Kenya: Presidential Candidate Ruto Claims Government Is Attempting to ‘Sabotage’ His Rallies

Kenyan deputy president and presidential candidate William Ruto described the obstacles placed in his way to holding final political rallies as “sabotage”. Speaking at a press conference today (Thursday) he said the excuses offered by the government were “ridiculous” as the campaign enters its final days.

“As you are aware, there has been an attempt by our competitors to lock us out of venues for meetings,” Ruto told journalists from his residence in Karen, Nairobi, in what he said was an effort to call attention to the “disruptive situation” created by the government.

After being denied access to Nyayo National Stadium in Nairobi for his final campaign rally on Saturday, his United Democratic Alliance (UDA) party took the case to court.

At a hearing on Thursday morning Justice Joseph Sergon ruled that Ruto should be allowed to hold his rally in Nyayo.

Speaking in English, Ruto said he wanted to call public attention to the attempts by the government to hinder his campaign for the elections on 9 August.

Ruto is scheduled to hold his final rally in Mombasa this afternoon, but noted that he had been locked out of the venue at Tononoka grounds.

Political mudslinging

Both Ruto and his main competitor, Odinga, have been running campaigns that advocate peace during the election, but local press has highlighted the mudslinging between the two at campaign rallies when they are speaking in Kiswahili.

During Thursday’s press conference, Ruto outlined a number of complaints that he had already expressed on the campaign trail, including the alleged manipulation of local chiefs by Odinga to try and capture their votes.

Interior Cabinet Secretary Fred Matiangi, who has openly declared his allegiance to Odinga, said allegations of any sort of manipulation of the chiefs were “lies” despite being reported in the local press earlier this week.

In Eldoret, where Ruto comes from, leaflets were found inciting violence, and police were sent to the area.

Ruto mentioned this in his press conference, but Matiangi also addressed this earlier this week.

“Even the claims that you heard yesterday [Monday] that the leaflets were authored by people from the office of the president [are untrue]. We have eight suspects in police custody and none of them is an employee of the office of the president,” he reportedly said.

Ruto again called for peace, noting that the IEBC – the Kenyan election commission – will do its job during the election.

“I have absolute confidence that the IEBC left alone will carry out its responsibility in accordance with the constitution,” he said.

Meanwhile, the candidates have three more days to convince voters to side with them.
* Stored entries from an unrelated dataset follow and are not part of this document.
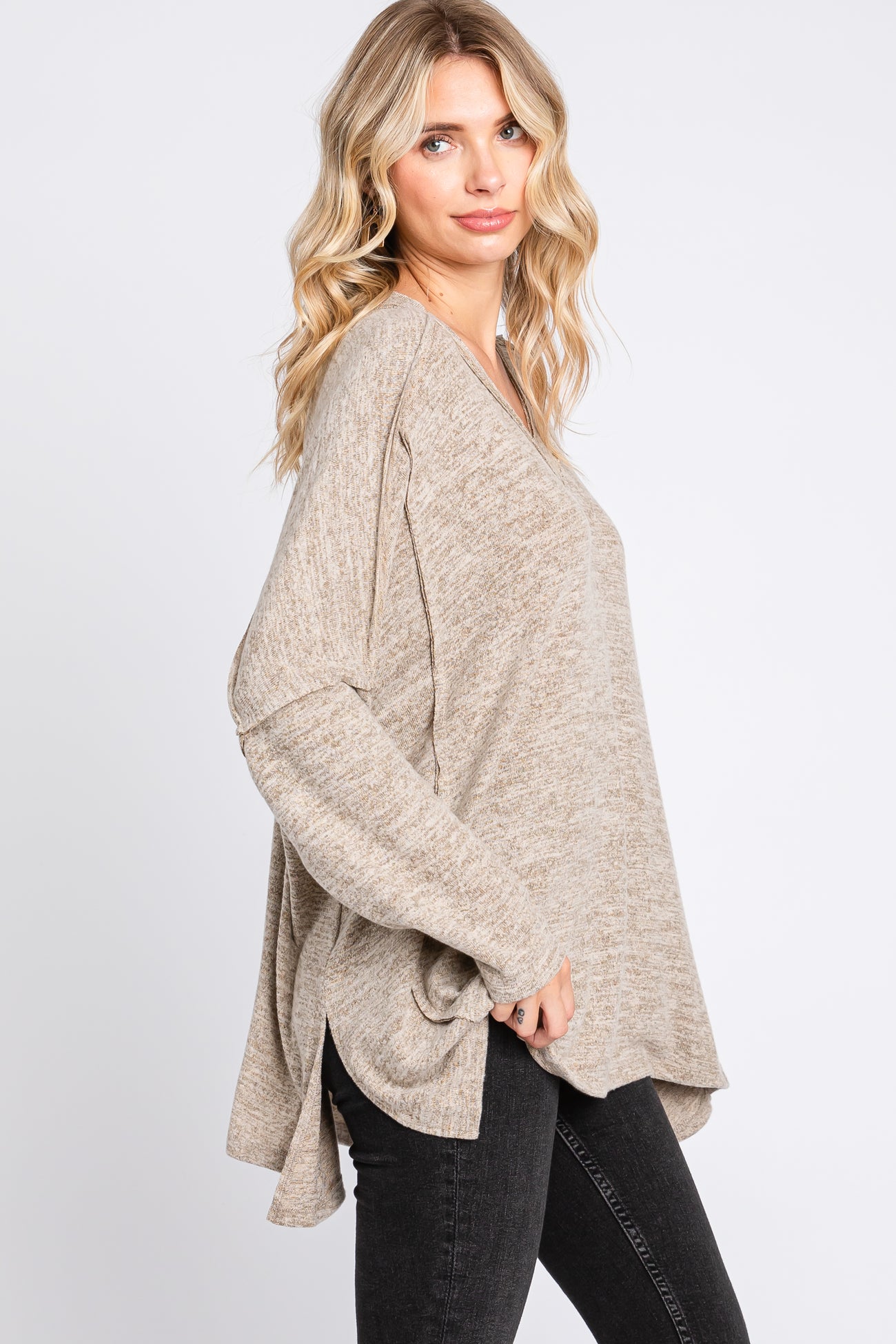 Light Mocha Heathered Soft Knit Long Sleeve Top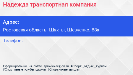 Надежда, транспортная компания по адресу Ростовская область, Шахты, Шевченко, 88а в дальнейшем Организация, размещена в следующих категориях: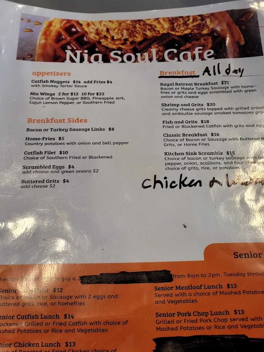 The menu is structured to support both breakfast and light lunch choices, including items like omelettes and salads (noted in menu highlights), alongside coffee and tea selections typical of a cafe and coffee shop setting.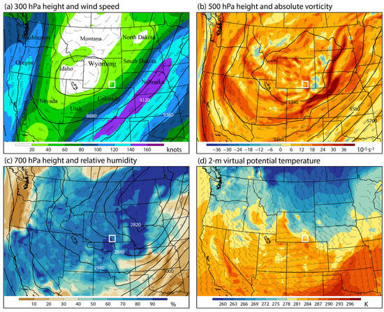 Synoptic condition from the 12 km NAM data at 0000 UTC on 12 January 2013. Wind barbs (full barb = 10 knots) are shown at each level, including at the surface (10 m) in (d). The white box in each panel shows the location of the Medicine Bow Mountains.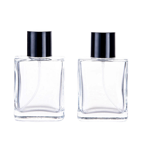 B104-50 프리미엄 50mL 향수 유리 향수병 클리어 빈 리필 골드 실버 스프레이 헤드 캡 포장 카톤
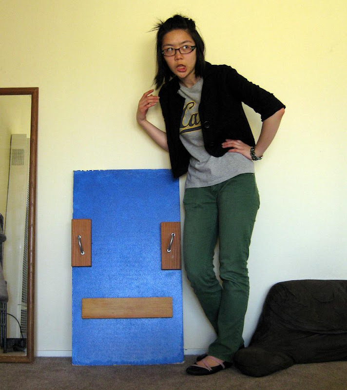 Watch: Anchor Blue. Bracelet: mother's. Cardigan: don't know. T-shirt: Cal Student Store. Green jeans: Target. Flats: Palladium Freerubber.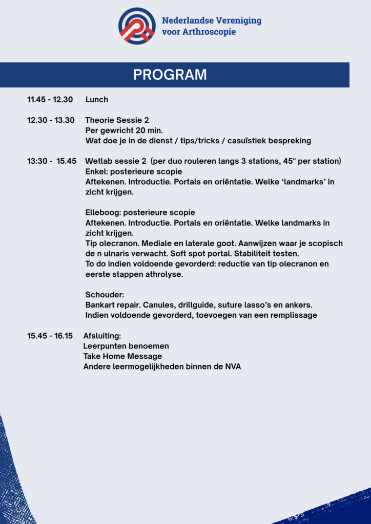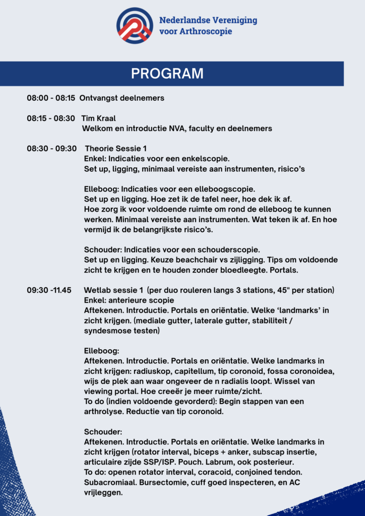 Het is helaas niet meer mogelijk om u in te schrijven voor de NVA Basiscursus Arthroscopie Knie.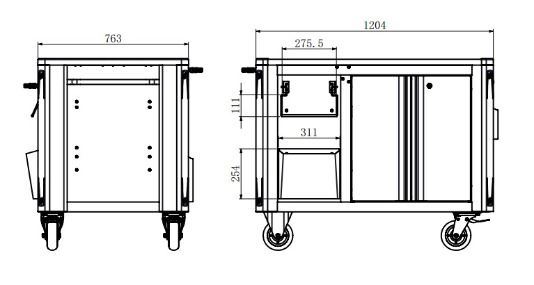 - Verstärkte Arbeitsplatte aus Edelstahl mit integrierten Seitenfächern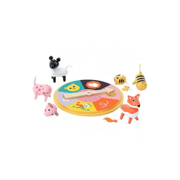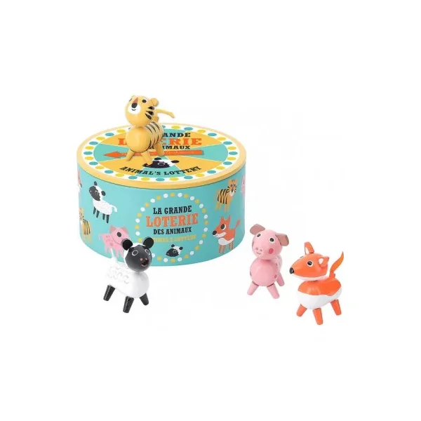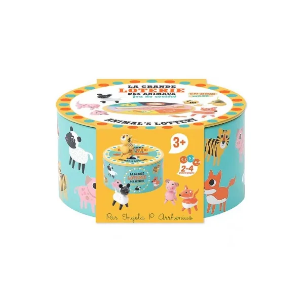 Découvrez le jeu La grande loterie des vaches de Vilac illustré par Ingela P. Arrhenius, un jeu de hasard en bois pour les enfants à partir de 3 ans où le but du jeu est de reconstituer son animal en premier parmi un renard, un mouton, un cochon ou un tigre.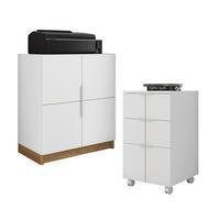 Kit Escritório Armário Baixo Caemmun,Gaveteiro Cubic Branco -NAC
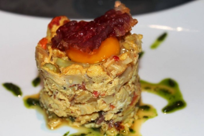Vinile, frittatina di uovo Paolo Parisi, con verdura di stagione provola affumicata, prosciutto di maiale nero casertano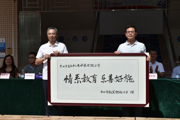 授人玫瑰,手留余香,奉献爱心,收获希望。板芙中学全体师生一定会充分珍惜中山市生力机电安装工程有限公司的深情厚谊,把这份关爱化作工作、学习中的不竭动力,努力办好学校!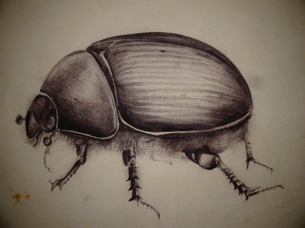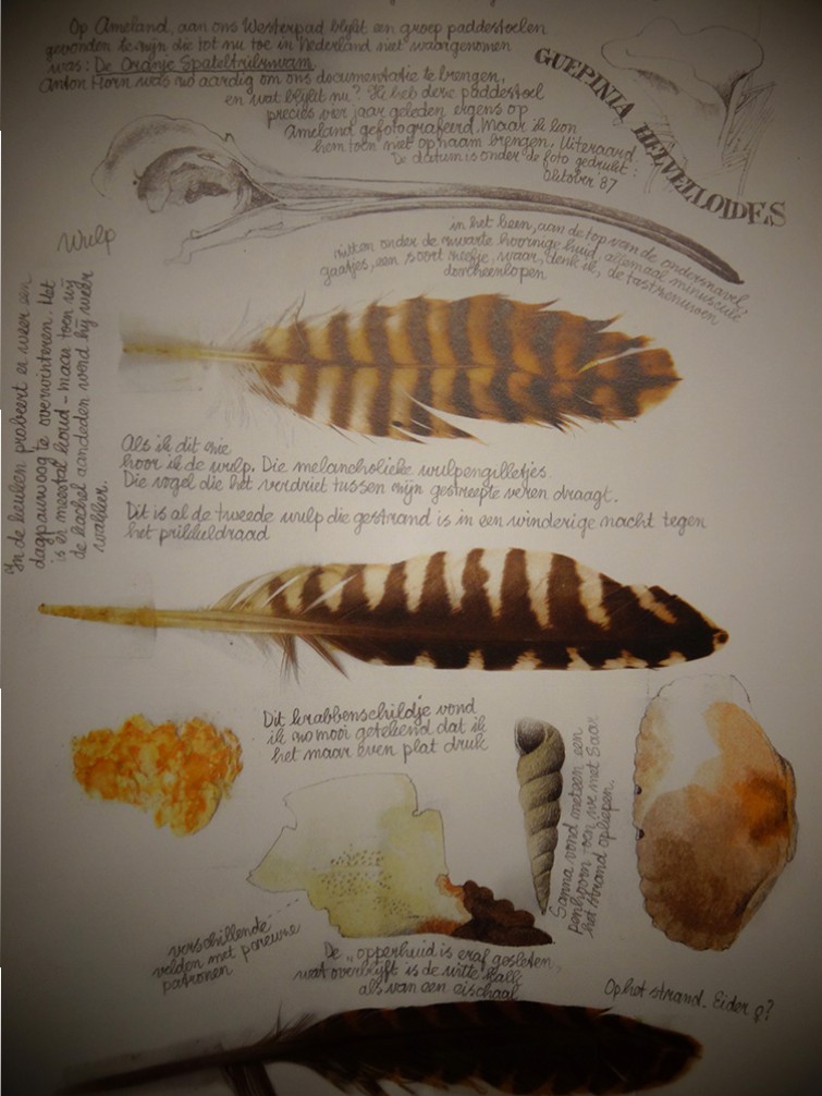 Als klein kind woonde ze in Loenen aan de Vecht. Al haar zintuigen werden gescherpt in de tuin. Ze herinnert zich de geur van buxus, framboos en kruiden, de kleuren van de bloemen en bovenal het kleine gewemel van insecten en vogeltjes. Haar held, en een inspiratie voor het leven, werd Jac.P. Thijsse. Die twee hebben wel wat gemeen, ook Marjolein móet haar liefde voor de natuur delen. En beiden zijn feilloos in hun observaties. Bekijk maar eens een van Marjoleins vroegste tekeningen. Ze zal nauwelijks meer dan acht geweest zijn. Ze zegt hierover: “…kevers, dennenappels, bladeren en andere kleine dingen die ik buiten vond. Ik begon met mijn verfdoosje en een stuk papier en ik dacht: Wat een wonder! Het was mijn manier om de indruk vast te houden van de natuur, waar ik zo van hield.”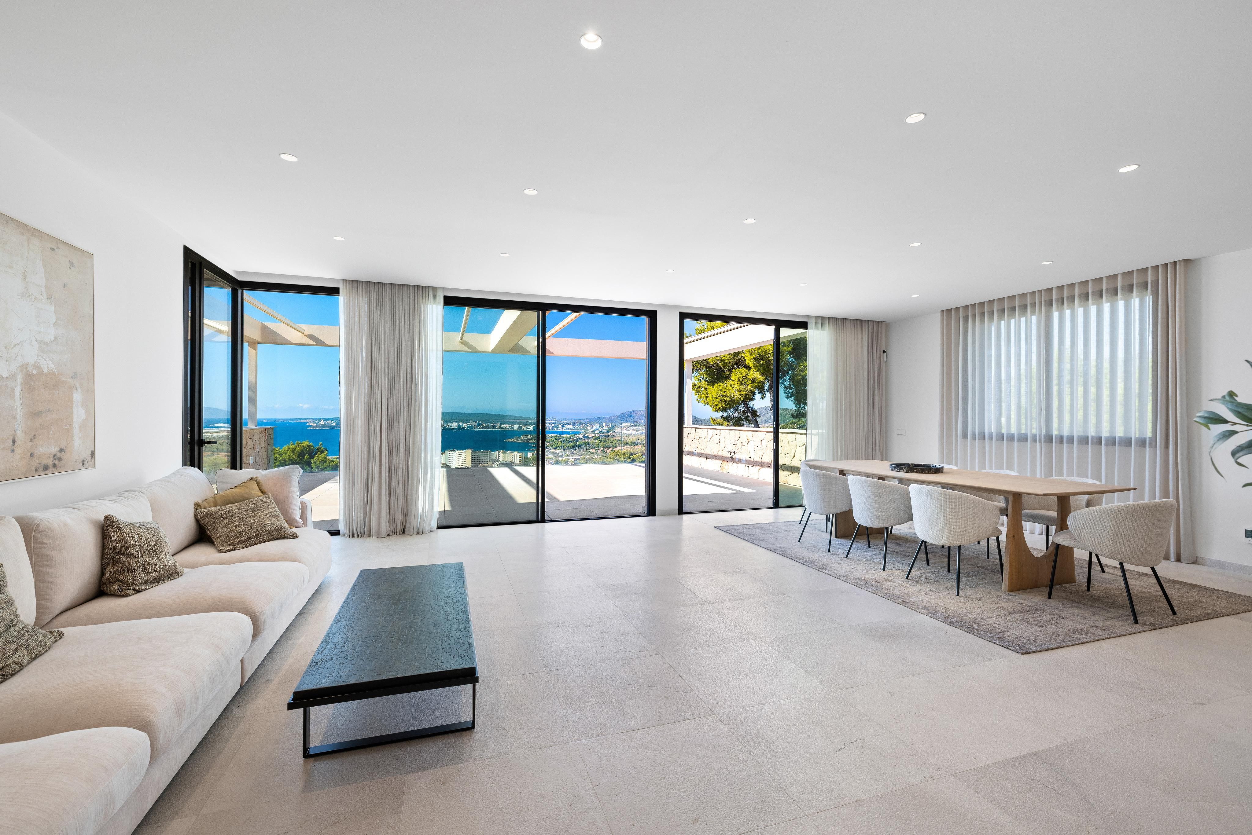 Ta nowo wybudowana willa w Portals oferuje wspaniałe widoki na morze w kierunku południowo-południowo-zachodnim na zatokę Palmanova, dzięki czemu jest idealnym miejscem do cieszenia się słońcem od rana do nocy, a jednocześnie znajduje się w odległości krótkiego spaceru od udogodnień miasta, plaży i portu Puerto Portals. Po wejściu do domu wita nas salon, jadalnia i kuchnia na otwartym planie, z której można wyjść na duży taras idealny do spożywania posiłków i letniego grillowania z przyjaciółmi. Na niższym piętrze znajduje się główna sypialnia z piękną łazienką i 2 kolejne sypialnie dla gości. Ze wszystkich sypialni jest bezpośredni dostęp do tarasu przy basenie i wyrównanego ogrodu idealnego dla dzieci. Istnieje duża piwnica z łazienką, idealna na strefę fitness lub wellness lub salę kinową. Ofertę uzupełnia przestronny taras na dachu. Wyposażenie obejmuje ogrzewanie podłogowe, klimatyzację (h/c), toaletę dla gości, pralnię, elektryczne rolety i strzeżony parking.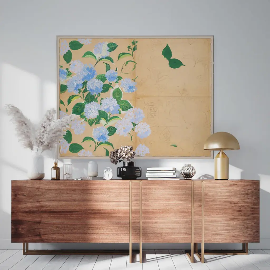 The 'Viva' print is sourced from the beautiful textile archives of French engraver, painter, and textile artist Paule Marrot. Her bold use of flowers, color and patterns reflect a compositionally modernist style classically associated with the Art Deco movement. Each work of art is hand-curated and framed in a variety of choices to suit your needs. Framed in an Acrylic box, wood frame options in gold, black, silver, or white as well as available in PRINT ONLY form on museum quality paper. Overall Dimensions Delivery Shipping

Campaigning ends on Saturday.

Ruto says he will continue to hold rallies during this time.

Ruto cited a problem last week when he was locked out of the stadium in Kakamega, in western Kenya.

He said he held an even bigger rally outside the site. At the press conference, he indicated the same thing may happen today in Kenya’s second-largest city.

“Some people are trying to use the police to stop us from holding that meeting. This is our final rally in Mombasa,” he said.

“The excuses they are giving us is that the president is in Mombasa. How ridiculous can that be?” noting that he and party supporters will be present at 2pm at Tononoka grounds or they will hold the final rally outside.